Briefs were due by 4 p.m. EST (2100 GMT) on Wednesday in a third set of cases before the Florida Supreme Court in which the Democrats are seeking a new presidential vote in Palm Beach County because of a confusing butterfly ballot they say cost Gore thousands of votes.

Meanwhile, Florida's Republican-led Legislature began work on a contingency plan to name the state's electors -- just in case all the legal disputes are not resolved by the Dec. 12 federal deadline for all electors to be named.

Gore has accused the Texas governor of trying to "run out the clock" with legal delays to extend the battle over Florida's votes until the Dec. 12 Electoral College deadline. He offered a plan to complete all recounts in seven days.

The Electoral College meets on Dec. 18 to elect the next U.S. president. Both candidates need Florida's 25 votes to win.

COURT DEALS SETBACK

Leon County Circuit Judge N. Sanders Sauls dealt Gore a setback on Tuesday when he refused to accept the vice president's accelerated schedule and set a hearing for Saturday, a day after the U.S. Supreme Court hears arguments on a Bush appeal seeking to invalidate all hand-counted ballots.

With an eye to the mounting time pressure, Sauls did, however, order thousands of disputed ballots to be brought to the state capital, Tallahassee, so they would be secure and ready if they needed to be counted or examined.

"The judge gave us a good step forward in ordering that the ballots be brought to Tallahassee -- obviously not as quickly as we'd like," Gore spokesman Doug Hattaway told MSNBC, adding that the Democratic legal team was assessing the decision.

Bush's vice-presidential running mate, Dick Cheney, spoke of the urgency of concluding the historic electoral impasse, with the president's inauguration set for Jan. 20.

"We've already used up, with the recount process in Florida, the legal challenges, some 30 percent of the available time for the transition. We can't afford to wait any longer," Cheney said on CNN's "Larry King Live" on Tuesday.

Gore adviser and former Secretary of State Warren Christopher warned against any move by the Florida lawmakers and asked Americans to remain patient.

"There is a legal process going forward, and if they try to preempt that and rush in and reach a conclusion, it's going to look unduly political, because, after all, it is a Republican-dominated legislature," he said on the same program.

POLLS SHOW FATIGUE

Gore appeared in public twice on Monday, again on Tuesday, and yet again on Wednesday morning for a television interview -- eager to shore up ebbing support as public opinion polls showed that up to 60 percent of Americans believed he should concede the election to Bush.

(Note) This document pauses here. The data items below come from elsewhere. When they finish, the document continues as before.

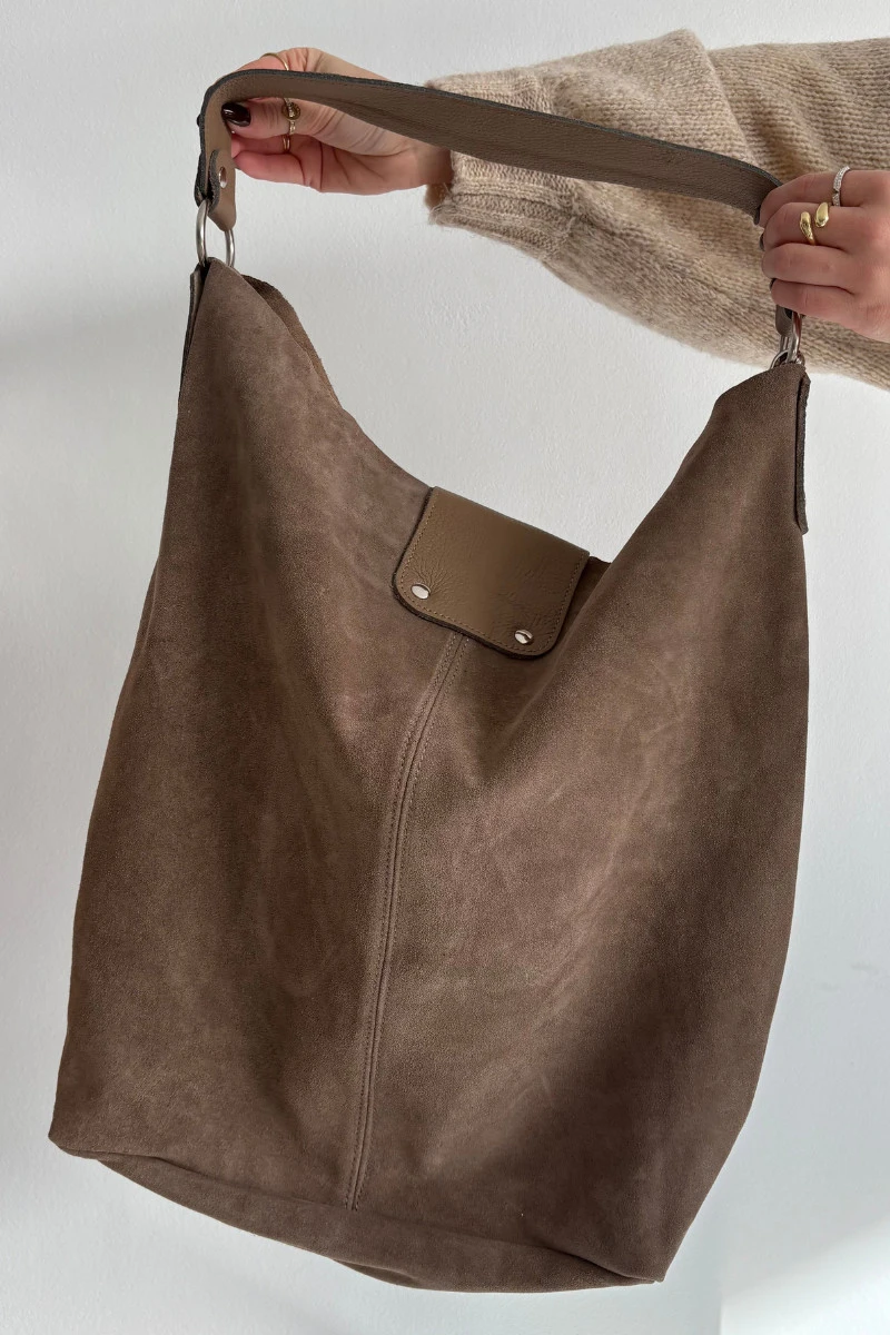 Velká kožená semišová kabelka tmavě béžová Hanelle
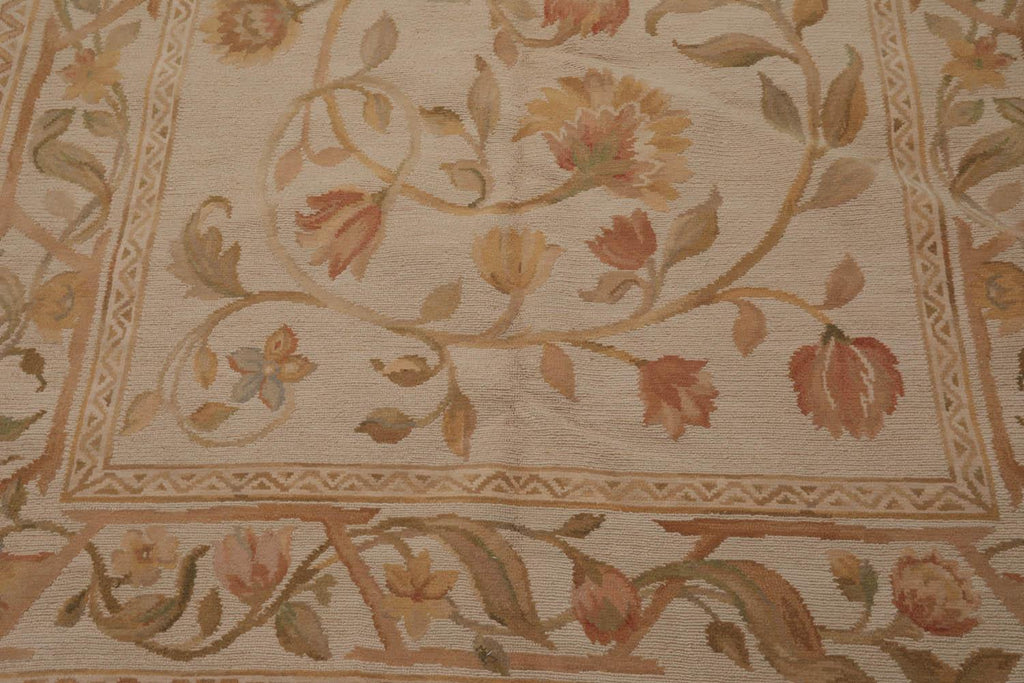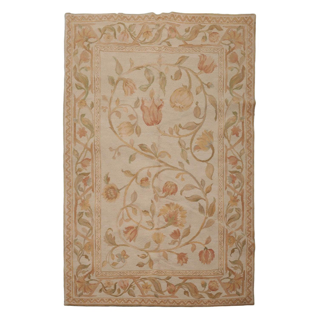 Story Behind the Art The Savonnerie rugs have their origins in French pile floor coverings that were produced at the Savonnerie Manufactory, most prestigious factory of knotted pile rugs, that enjoyed its greatest period during 1650-1685. Today the name Savonnerie depicts the tradition of knotted pile Savonnerie rugs with their unique design and color schemata of essentially French designs, pictorial or armorial framed medallions, densely massed flowers in bouquets or leafy rinceaux against deep blue, black or deep brown grounds, within multiple borders. Further what distinguishes French Aubusson Savonnerie rugs is the technique of depth perspective that was invented by 17th century French artists and weavers whereby the patterns in the rug seem three dimensional. As such, Aubusson Rugs exhibit complex color patterns, symmetrical knots and flamboyant designs. Today, it is still possible to enjoy these rugs as they continue to be replicated in India, Pakistan, China, and Iran.
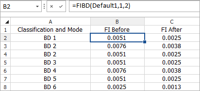 The following table is for a particular data set analyzed with the Crow Extended model. For example, it shows that for BD1, the FI before the fixes is 0.0051 and the FI after the fixes is 0.0025.
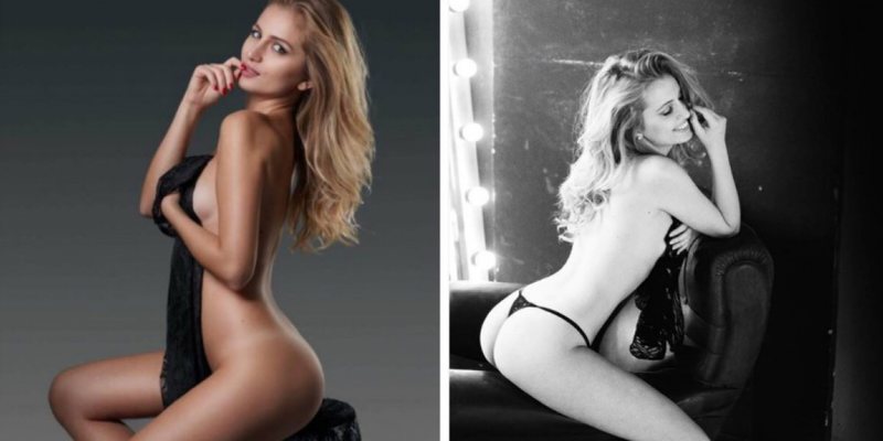 Në foto, ajo shfaqet e zhveshur, me një peshqir që i mbulon pjesët intime dhe dora i fsheh gjoksin.

But an NBC poll taken on Monday evening after the vice president made a five-minute televised address, while revealing growing impatience with the drawn-out process, showed that number had slipped back down to around 49 percent.

As Gore and his advisers sought to combat the impression that Bush has become the de facto president-elect of the United States, Bush's communications director, Karen Hughes, said the Texas governor had gone back to his secluded Texas ranch to "think and reflect" about the transition to power.

Cheney said decisions could be finalized "fairly rapidly" on some key Cabinet appointments.

Republican sources said among Bush's first appointments would be retired Gen. Colin Powell as secretary of state and Condoleezza Rice as White House national security adviser. But Hughes said Bush was unlikely to reveal his picks this week, given the legal wrangling.